Prof David Weisbrot AM. President, Australian Law Reform Commission, Rydges Hotel, Rosehill, 22 March 2007


Thank you very much, Tracey, for that generous introduction.

I very much enjoyed participating in the Legal Studies Association’s program last March, and I feel especially honoured to have been asked to deliver the After Dinner Address at this year’s event.

This is a much more difficult assignment, as my only instructions from Tracey were to talk about ‘whatever I liked’. 

Well, I like …

  • long walks on the beach on a rainy day;
  • puppies;
  • very strong coffee (in fact, I only support the use of nuclear energy if some of that will go into my macchiatos); and
  • travelling internationally, on other people’s money, at the pointy end of the plane.
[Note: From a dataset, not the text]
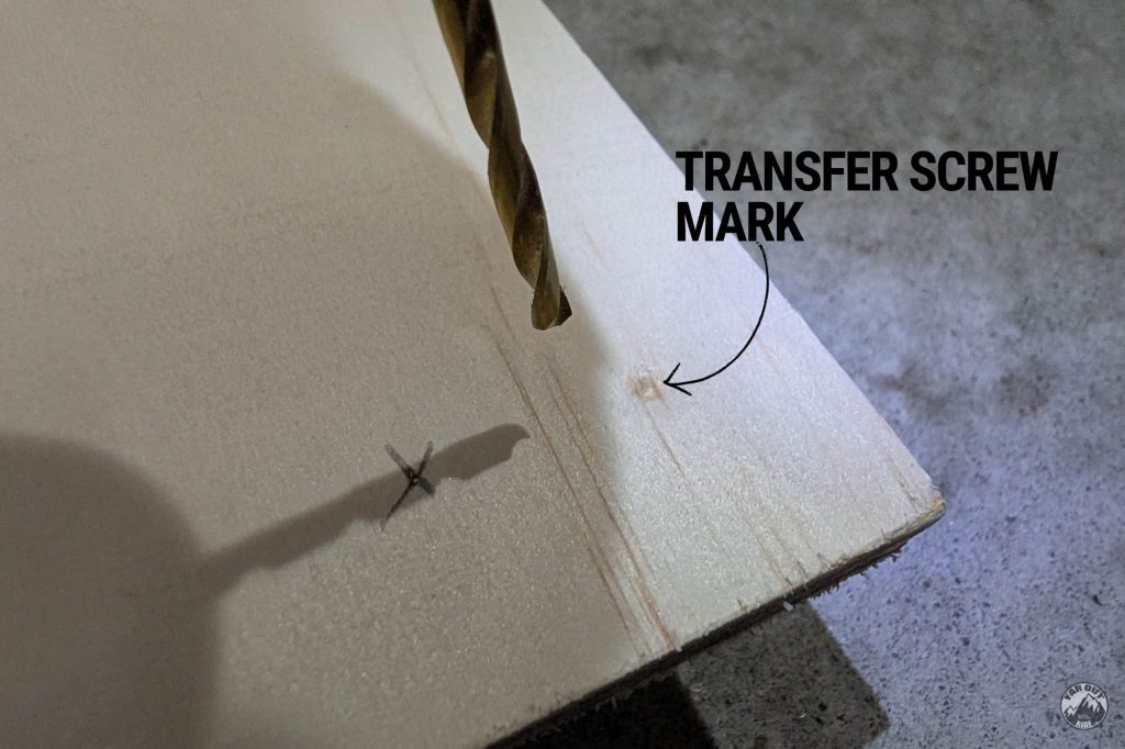 Press hard (or tap) on top of each t-nut to punch the exact location of the hole center. Use a 1/8″ drill bit to pilot the 4 holes. The punch prevents the drill bit from roaming on the surface (very accurate):

As mentioned, I am the current President of the ALRC (and have been since June 1999), and my background is primarily as an academic lawyer—that is, as a career teacher of law, and as such I am very conscious of the effort it takes to distil all of the complexity of the law and to present it in an interesting and engaging way. 

I should talk briefly about the ALRC—although many of you will be familiar with the concept of institutional law reform from the talk I gave last year.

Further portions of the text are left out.